Western medical science went with Pasteur's theory because it opened the door which created the world's medical and pharmaceutical industries, and because it seemed to support Darwin's new theory of survival of the fittest. Since the 1850s, we have been developing new drugs to attack and kill the disease invaders and the result has been epidemics of sickness and disease -- and a very rich and powerful pharmaceutical industry.

Last year, the pharmaceutical industry did $182 billion in drug sales world wide. In contrast to that figure, it cost approximately $183 billion to treat adverse reactions from all of those drugs. The following admissions were taken from JAMA (Journal of the American Medical Association) : The top five causes of death in the United States, in order, are: 1) Tobacco 2) Alcohol 3) Medical malpractice 4) Traffic accidents 5) Firearms

According to JAMA, doctors kill more people than auto accidents and guns put together. With that in mind, one has to wonder why gun control is such a hot legislative issue when, perhaps, we should be more concerned about doctor control.

Statistics show that when allopathic doctors are on strike, fewer people die from disease.

The number of people that doctors kill per day from allopathic medical malpractice is roughly equal to the amount of people that would die if every day, three jumbo jets crashed and killed everybody on board. Just imagine what headlines would result if a chiropractor or a naturopath accidentally killed just one patient?

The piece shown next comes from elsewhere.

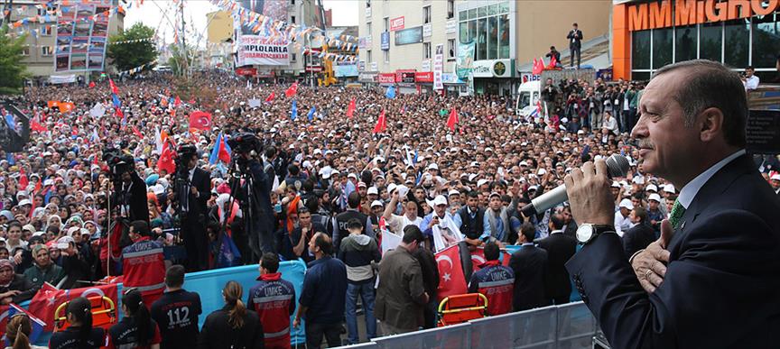 Erdoğan, hükümet olarak milli birlik ve beraberliğin sağlanması için her türlü anlayışı gösterdiklerini belirterek, "Milli birlik dedik, çözüm süreci dedik, birçok kültürel imkanları verdik, red, inkar asimilasyon politikalarını AK Parti iktidarı ayaklar altına aldı. 'Benim Kürt vatandaşlarım, kardeşlerim' diye bağrına basan bir Başbakan, ilk defa Tayyip Erdoğan oldu. Hiç kimse bunu söylemedi. Niye? Çünkü biz yaratılanı yaratandan ötürü sevdik" diye konuştu.
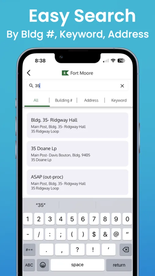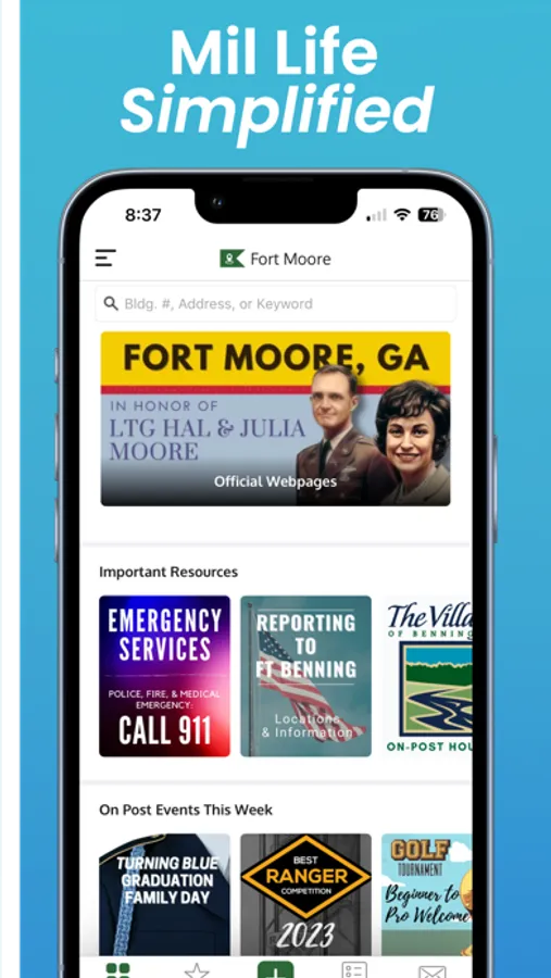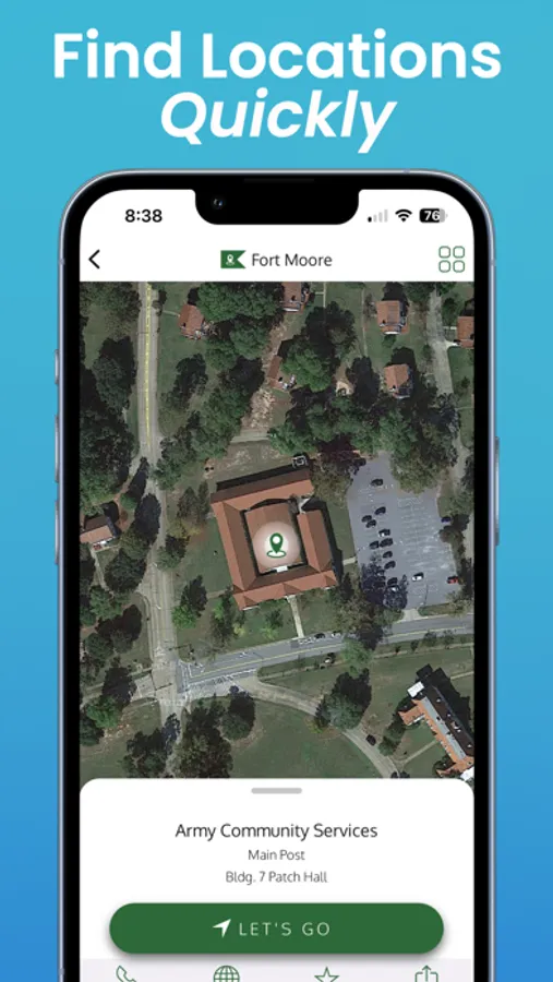 Find where you need go, get directions, contact information, informative websites, social media links, and military community relevant content with GuideOn. Search by Bldg. # or keyword for locations, resources, units, information, graduations and more on and around a military installations.

Another JAMA statistic stated that 20 percent of all people who see an allopath will suffer an iatrogenic (doctor-induced) injury.

Again, according to JAMA, 16 percent of all people who die in the hospital are determined by autopsy to have died of something other than their admission diagnosis. In other words, the doctor had no idea what was really wrong with the patient and, therefore, the patient may have died for want of appropriate care that would have been subsequent to an accurate diagnosis.

Another trade publication, American Medical News, stated that 28 percent of people admitted to hospitals are there because they have suffered an adverse reaction to prescribed drugs.

Allopaths are miserably losing the battle against viruses and bacteria. Antibiotics do not work. We need to take a different tack because this is obviously not working. Only ozone therapy offers hope against the increasingly resistant 'germs'.

The British Medical Journal Lancet states that only one percent of all scientific research papers which explore medicine are scientifically sound. So, if that is true, then not only are allopathic doctors incorrect in their understanding of the basic nature of disease, they are basing their conclusions, and therefore their diagnosis and treatment of people, on flawed science. And it is killing us.